**WHAT THE TASK REQUIRES:** Quote the records beneath, complete and exact. Leave out images.

**RECORDS FOR THE EXERCISE:**
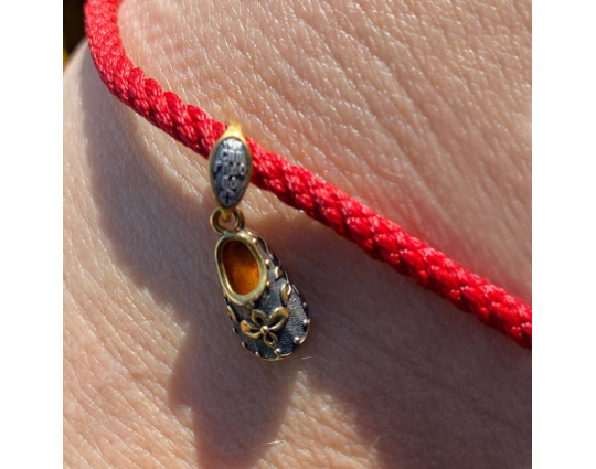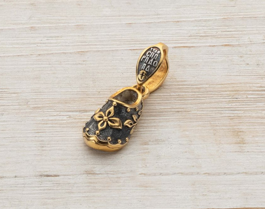 Миниатюрная подвеска выполнена в виде башмачка. Считается, что он принадлежит святому Спиридону Тримифунтскому. Этот человек никогда никому не отказывал в помощи. Его жизнь была наполнена чудотворением, бескорыстной помощью нуждающимся и верой в Иисуса Христа.
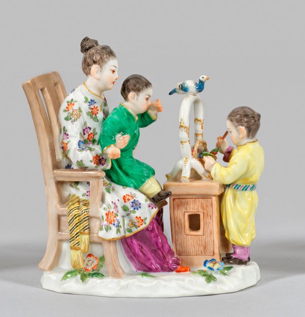 Auf einem ovalen, mit Blüten belegten Sockel auf einem Stuhl sitzender Japaner, ein Kind auf seinem Schoss sitzend, das stehende Kind eine Vogelvoliere beobachtend. Polychrome Malerei mit dezenter Goldstaffage. Entw. Johann Joachim Kaendler und Peter Reinicke. Modell-Nr. 2472. Schwertermarke. H. 13 cm.
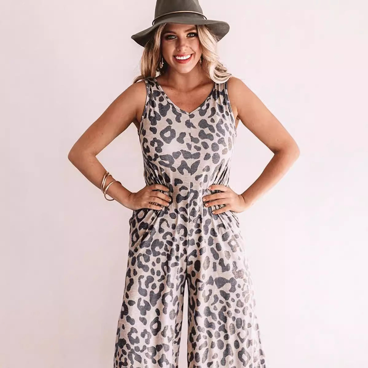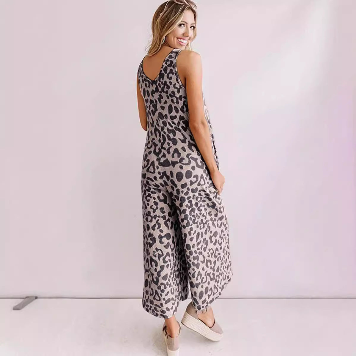 This Women's Sleeveless Jumpsuit combines style and comfort, featuring a flattering V-neck and a bold leopard print. Crafted from lightweight and breathable fabric, it is perfect for warm weather, making it an excellent choice for casual outings and summer events.
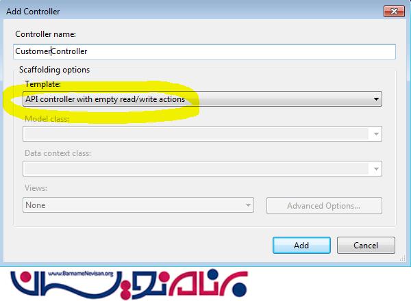3.در این قسمت میخواهیم یک کنترلر اضافه کنیم . در قسمت Template ، Controller With API read/write action را انتخاب می کنیم.
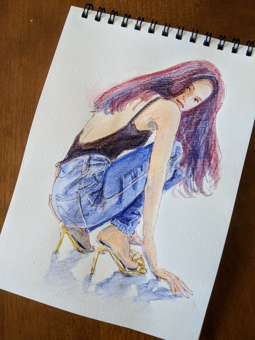水彩色鉛筆描く習作「椅子に座っている女性」 ステッドラーのカラトアクェレルで描いています。 使用した色は バーントシェンナ(73) ウォームセピア(77) インディコ(36) タスカンレッド(260) バイオレット(6) メイキング動画 → youtu.be/1eGaYuZgdTQ #水彩色鉛筆 #水彩画
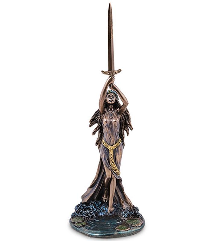 Статуэтка Veronese Владычица озера - хозяйка меча Экскалибура 33х11 см 1907189 бронзовое покрытие полистоуна Размеры изделия Длина: 11 см; Ширина: 10.5 см; Высота: 33 см; Вес: 0.41 кг. Статуэтка изготовлена из полистоуна (искусственного камня) и покрыта бронзовым напылением. Упакована в красивую подарочную коробку. Поэтому, покупая эту статуэтку, Вы получаете ценный и красивый подарок, который не требует дополнения. Благодаря надежной внутренней упаковке, изготовленной из пенопласта с углублениями для мельчайших деталей, Вы можете быть уверены в безопасности при транспортировке.
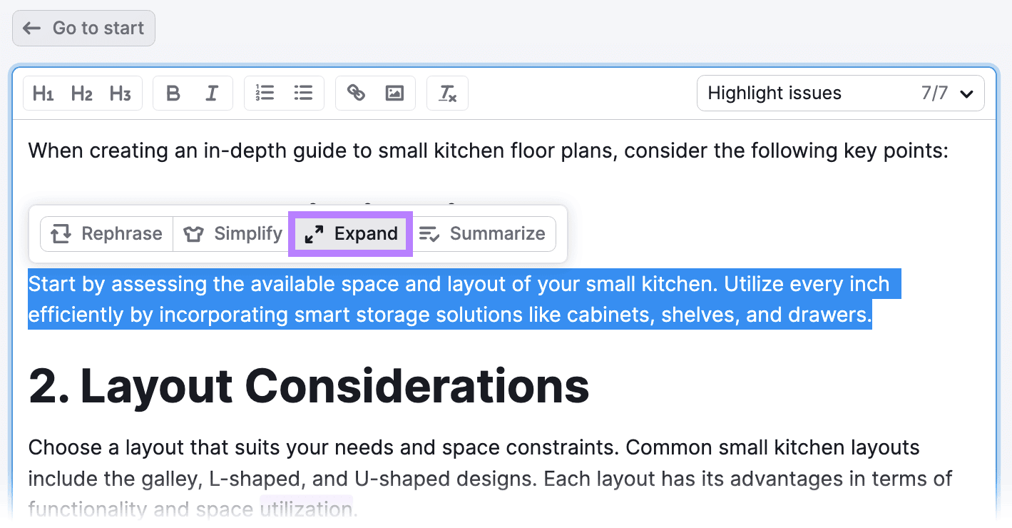 Select any phrase, sentence, or paragraph and click “Expand” to elaborate on those sections.
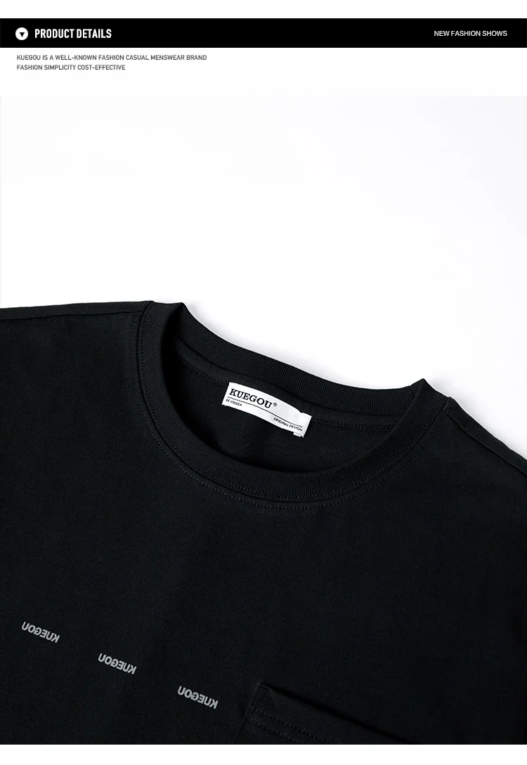 Мужская футболка с коротким рукавом KUEGOU, черная свободная футбол...
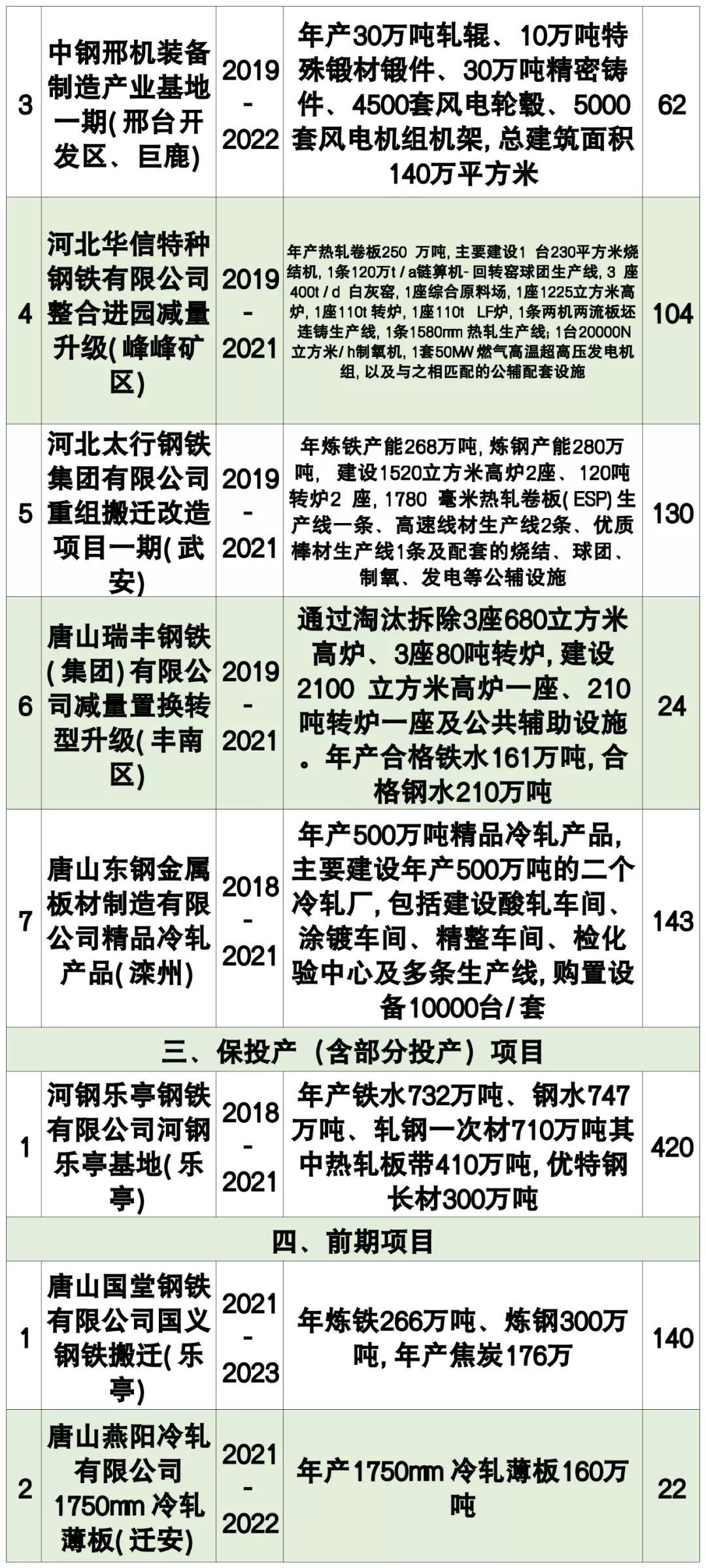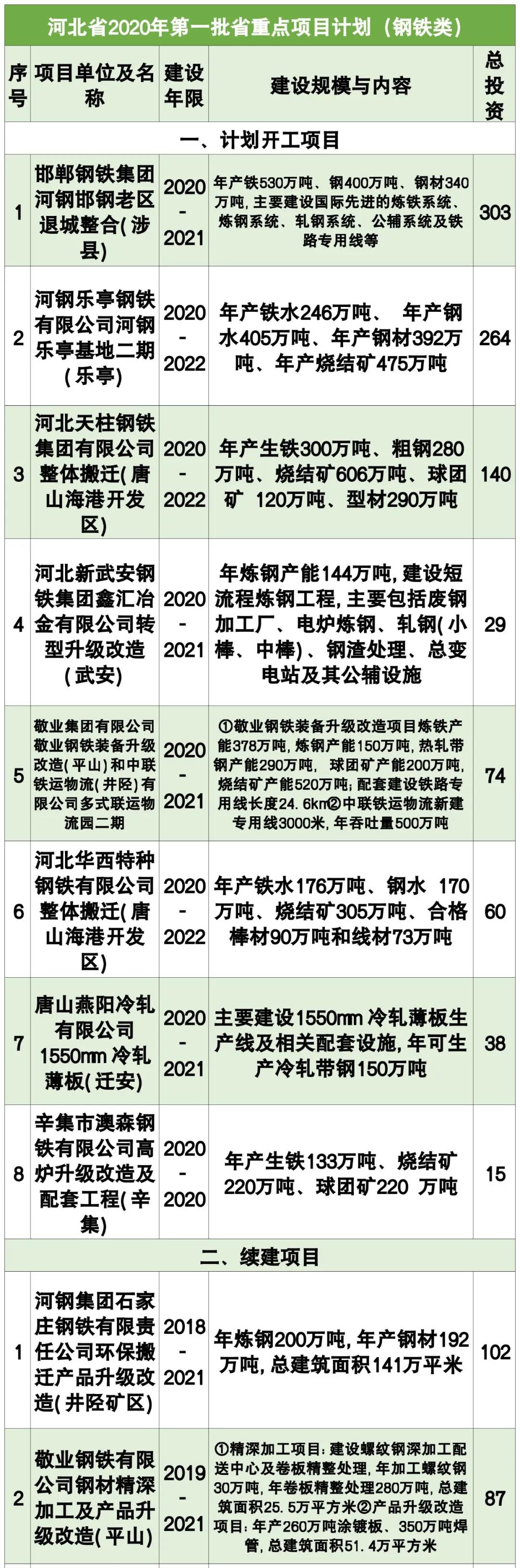 此前,河北省重點(diǎn)建設(shè)領(lǐng)導(dǎo)小組辦公室發(fā)布了第一批《河北省2020年省重點(diǎn)項(xiàng)目計(jì)劃》,共涉及鋼鐵項(xiàng)目18項(xiàng),總投資2157億元。具體項(xiàng)目如下表所示:

**RESPONSE TO THE TASK:**
 Миниатюрная подвеска выполнена в виде башмачка. Считается, что он принадлежит святому Спиридону Тримифунтскому. Этот человек никогда никому не отказывал в помощи. Его жизнь была наполнена чудотворением, бескорыстной помощью нуждающимся и верой в Иисуса Христа.
 Auf einem ovalen, mit Blüten belegten Sockel auf einem Stuhl sitzender Japaner, ein Kind auf seinem Schoss sitzend, das stehende Kind eine Vogelvoliere beobachtend. Polychrome Malerei mit dezenter Goldstaffage. Entw. Johann Joachim Kaendler und Peter Reinicke. Modell-Nr. 2472. Schwertermarke. H. 13 cm.
 This Women's Sleeveless Jumpsuit combines style and comfort, featuring a flattering V-neck and a bold leopard print. Crafted from lightweight and breathable fabric, it is perfect for warm weather, making it an excellent choice for casual outings and summer events.
3.در این قسمت میخواهیم یک کنترلر اضافه کنیم . در قسمت Template ، Controller With API read/write action را انتخاب می کنیم.
水彩色鉛筆描く習作「椅子に座っている女性」 ステッドラーのカラトアクェレルで描いています。 使用した色は バーントシェンナ(73) ウォームセピア(77) インディコ(36) タスカンレッド(260) バイオレット(6) メイキング動画 → youtu.be/1eGaYuZgdTQ #水彩色鉛筆 #水彩画
 Статуэтка Veronese Владычица озера - хозяйка меча Экскалибура 33х11 см 1907189 бронзовое покрытие полистоуна Размеры изделия Длина: 11 см; Ширина: 10.5 см; Высота: 33 см; Вес: 0.41 кг. Статуэтка изготовлена из полистоуна (искусственного камня) и покрыта бронзовым напылением. Упакована в красивую подарочную коробку. Поэтому, покупая эту статуэтку, Вы получаете ценный и красивый подарок, который не требует дополнения. Благодаря надежной внутренней упаковке, изготовленной из пенопласта с углублениями для мельчайших деталей, Вы можете быть уверены в безопасности при транспортировке.
 Select any phrase, sentence, or paragraph and click “Expand” to elaborate on those sections.
 Мужская футболка с коротким рукавом KUEGOU, черная свободная футбол...
 此前,河北省重點(diǎn)建設(shè)領(lǐng)導(dǎo)小組辦公室發(fā)布了第一批《河北省2020年省重點(diǎn)項(xiàng)目計(jì)劃》,共涉及鋼鐵項(xiàng)目18項(xiàng),總投資2157億元。具體項(xiàng)目如下表所示:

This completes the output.